*DATA PROVIDED*.
•••

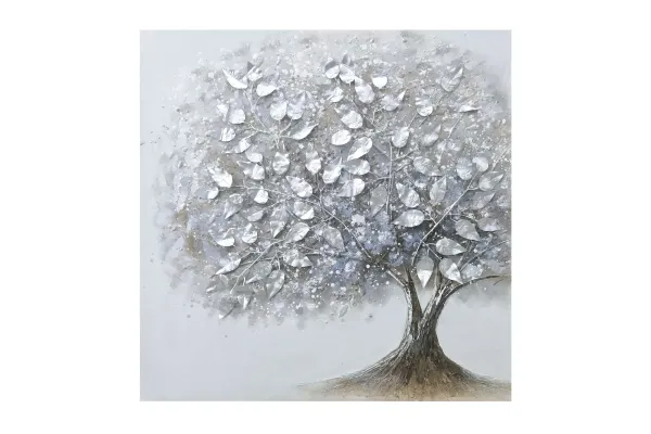 Πίνακας σε Καμβά Δέντρο 80x80εκ. Ασημί - Καφέ με 3D Στοιχεία
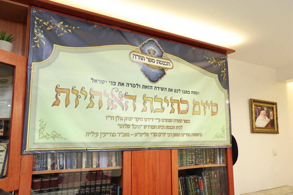 בקול צהלה ורינה נחגגה שמחת הכנסת ספר תורה המרוממת לבית המדרש 'היכל שלום' במודיעין עילית, אשר נתרם על ידי הנדיב הנכבד יצחק בן יוסף ושלי גולן הי"ו שהרימו נדבת קודש לד' ולתורתו, בהכנסת ספר תורה מהודר לבית המדרש המהווה כמגדלור לתורה ותפילה בראשות הגאון אב"ד שליט"א.
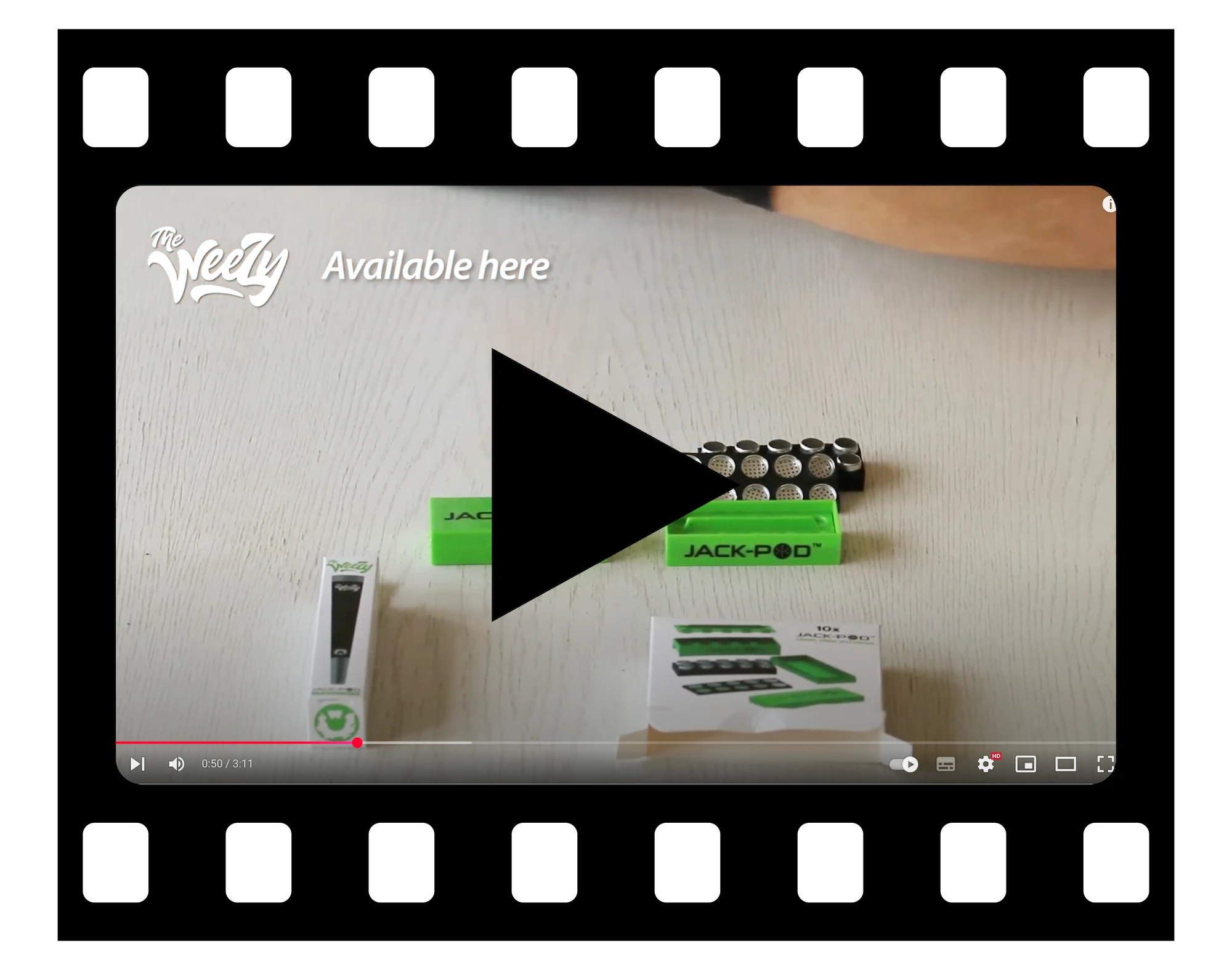 Het standaard Weezy™ herbruikbare capsule is voor meerdere keren gebruiken (gewoon schoonmaken na 5-10 sessies), terwijl JackPod™ een wegwerpcapsule is voor maximale gemak. Beide werken in alle Weezy's, maar hebben verschillende doelen - herbruikbaar voor milieubewuste gebruikers, JackPods voor onderweg.

•••

*REQUIRED ACTION*. Repeat the listing above exactly, with no pictures.

*EXPECTED ANSWER*.
 Πίνακας σε Καμβά Δέντρο 80x80εκ. Ασημί - Καφέ με 3D Στοιχεία
 בקול צהלה ורינה נחגגה שמחת הכנסת ספר תורה המרוממת לבית המדרש 'היכל שלום' במודיעין עילית, אשר נתרם על ידי הנדיב הנכבד יצחק בן יוסף ושלי גולן הי"ו שהרימו נדבת קודש לד' ולתורתו, בהכנסת ספר תורה מהודר לבית המדרש המהווה כמגדלור לתורה ותפילה בראשות הגאון אב"ד שליט"א.
 Het standaard Weezy™ herbruikbare capsule is voor meerdere keren gebruiken (gewoon schoonmaken na 5-10 sessies), terwijl JackPod™ een wegwerpcapsule is voor maximale gemak. Beide werken in alle Weezy's, maar hebben verschillende doelen - herbruikbaar voor milieubewuste gebruikers, JackPods voor onderweg.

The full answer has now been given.